March 2 (UPI) — A federal judge on Sunday ruled that Ken Cuccinelli was unlawfully appointed to his position atop the agency responsible for processing U.S. immigration requests and invalidated a pair of his directives.
Advocacy groups last year filed a lawsuit challenging Cuccinelli’s role as acting director of the U.S. Citizenship and Immigration Services and asking that asylum policy he instituted after taking office be reversed.
The suit stated that Cuccinelli didn’t satisfy legal requirements to serve in the role under the Federal Vacancies Reform Act.
U.S. District Court Judge Randolph Moss ruled that Cuccinelli was not lawfully appointed as acting director of the USCIS in 2019 because the position of principal deputy he assumed before taking the role was not a “first assistant” job as outlined in the Federal Vacancies Reform Act of 1998.

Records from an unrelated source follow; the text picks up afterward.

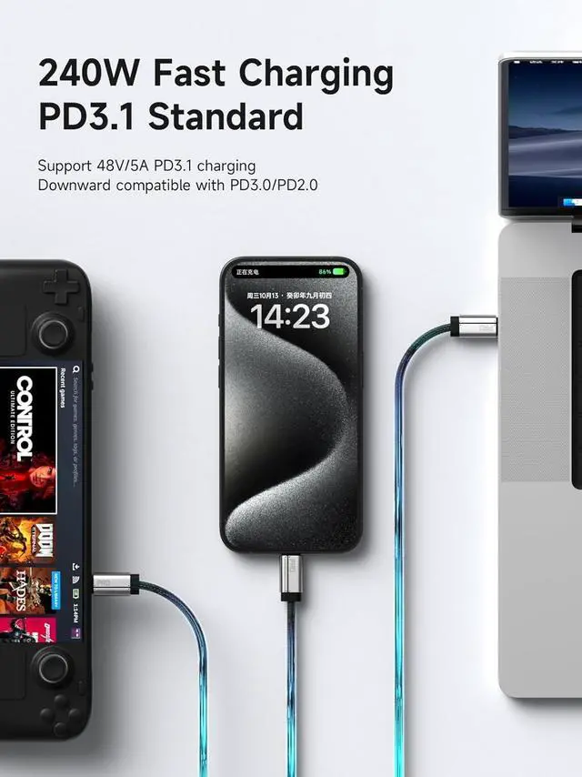 • 240W Fast Charging: Built-in E-marker chip, PD 3.1 standard supports 240W fast charging, while it is backward compatible with PD3.0 and 2.0 protocols,Supports high power output of up to 48V5A. And also compatible with 140/100/60W power devices. Charge USB C devices from phones to laptops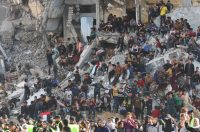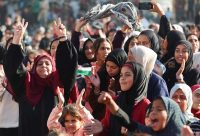 Dok su bučne mase mahale palestinskim zastavama, u južnom gradu Khan Younis, proslave je prigušila tekuća kriza širom Gaze. Većina od 2 miliona stanovnika Gaze, uključujući Eman i Hikmata Lawwu, raseljena je zbog rata, čitava područja gradova su sravnjena sa zemljom, a nedostatak pomoći i izbijanja sukoba i dalje muče svakodnevni život ljudi.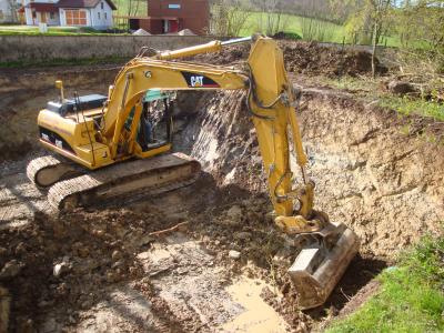 Am Freitag, 20. April 2012, kam der Bagger und buddelte uns ein großes Loch.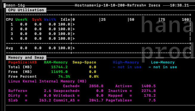 아래의 이미지와 같이 nmon이 실행되었다면 원하는 리소스를 찾아서 눌러보도록 한다.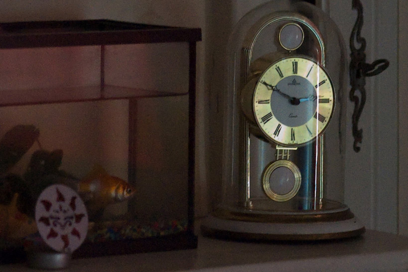 1/50 à 3,5 25600 iso pour le poisson rouge qui regarde l'heure et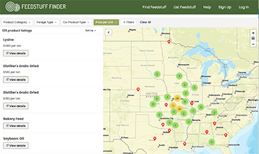 Sellers of co-products like soyhulls, distillers’ grains or corn gluten feed, as well as forages like corn silage or hay, can share prices, product information and locations with potential buyers at no cost, he says. Buyers can view available products on an easy-to-navigate map, complete with product details and a delivery cost estimator. Feedstuff listings are free and can be sorted by forage or co-product type and price per unit.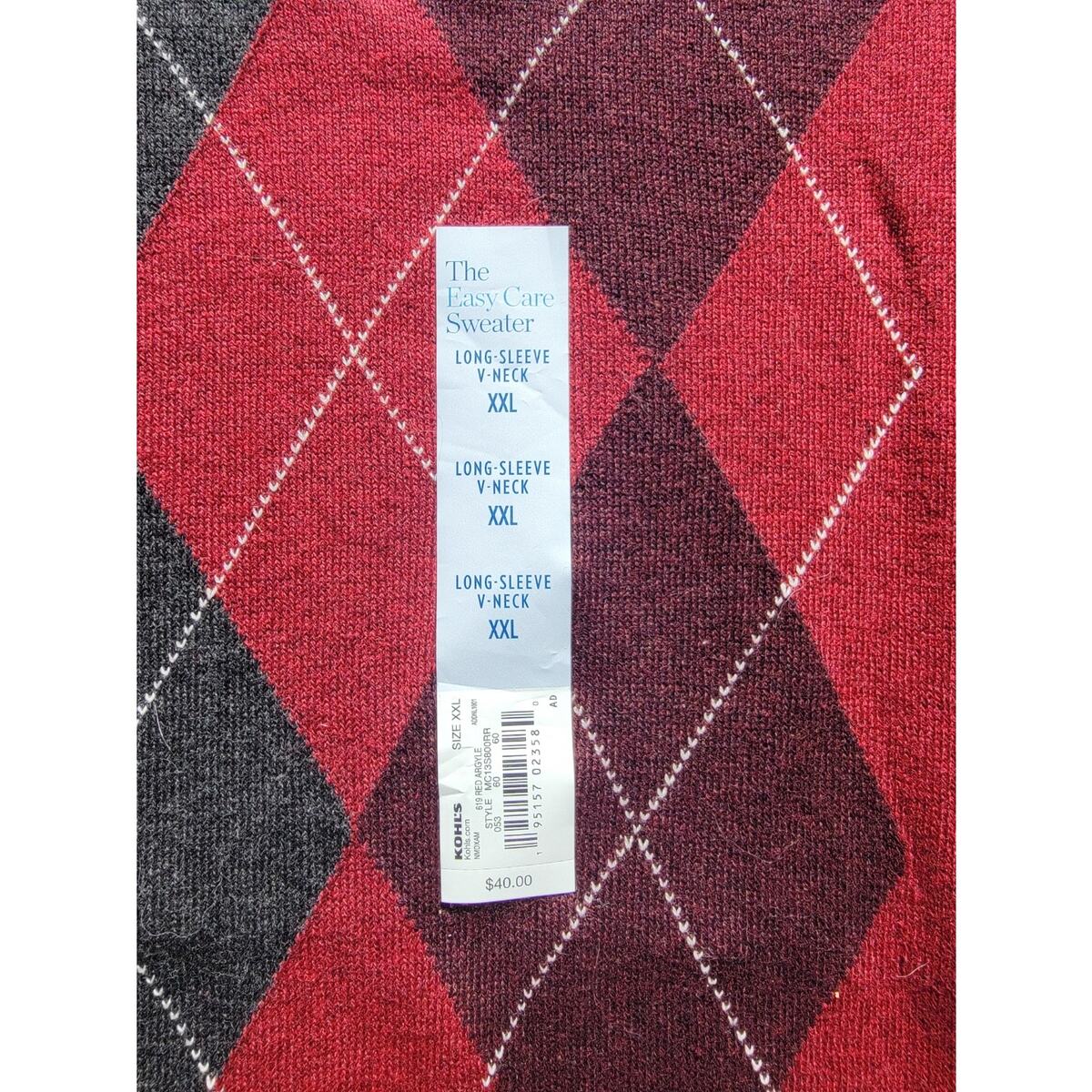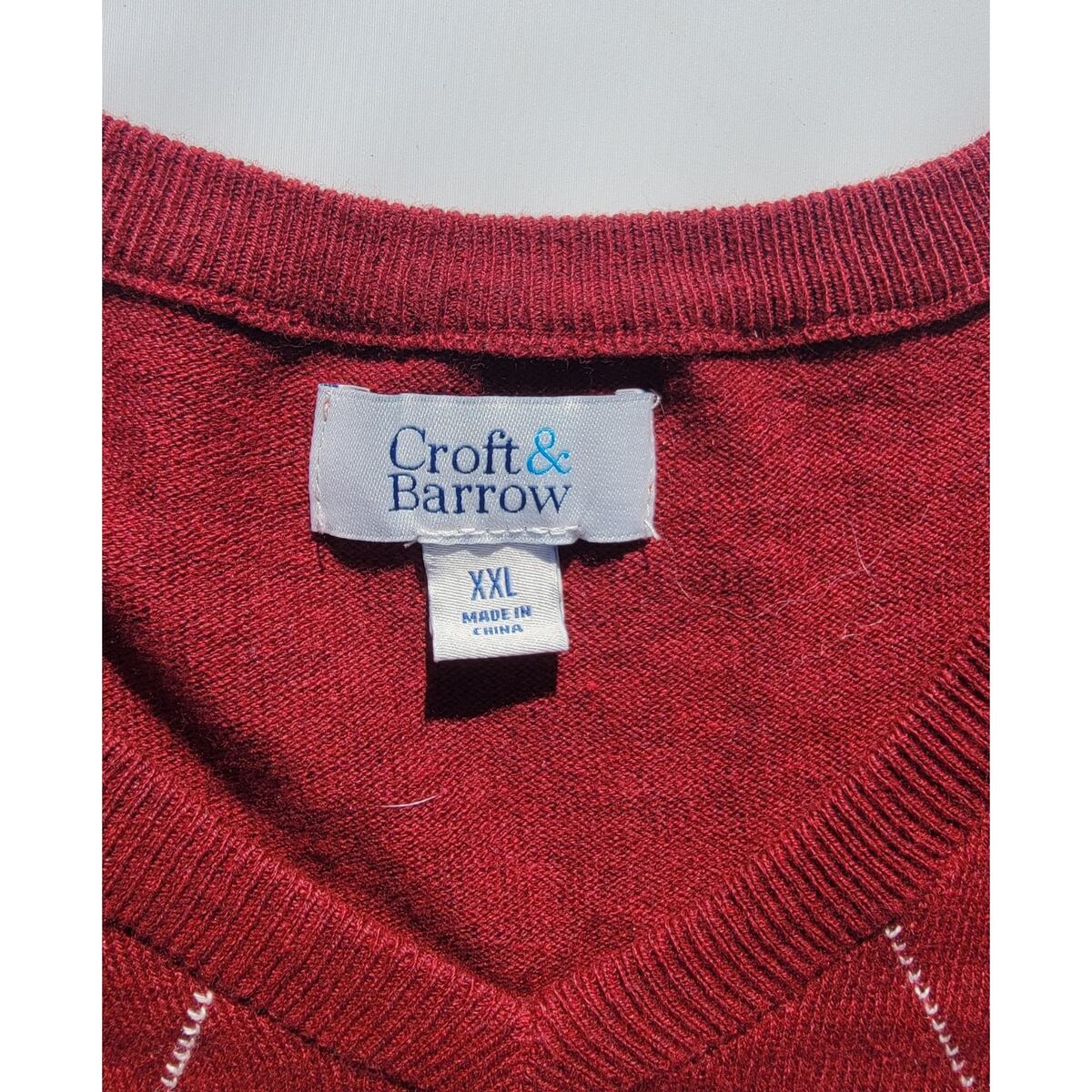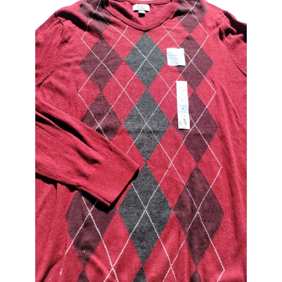Apt. 9 Merino Wool Maroon Argyle V-neck Sweater Men’s Size XXL New

“Under that commonsense understanding of the meaning of the default provision, Cuccinelli does not qualify as a ‘first assistant’ because he was assigned the role of principal on day-one and by design, he never has served and never will serve ‘in a subordinate capacity’ to any other official at USCIS,” Moss wrote.
He added that the acting secretary created a position that is “second in command in name only.”
“Cuccinelli may have the title of principal deputy director and the Department of Homeland Security’s order of succession may designate the office of the Principal Deputy Director as the ‘first assistant’ to the director, but labels — without any substance — cannot satisfy the FVRA’s default rule under any plausible reading of the statute,” he wrote.
Cuccinelli currently serves as acting deputy secretary of the Department of Homeland Security, which oversees UCIS.
Moss also ruled that due to Cuccinelli’s unlawful appointment he lacked authority to issue directives reducing the time asylum-seekers in “credible fear” proceedings have to receive counsel from lawyers and barring asylum officers from granting extensions allowing migrants to prepare for interviews.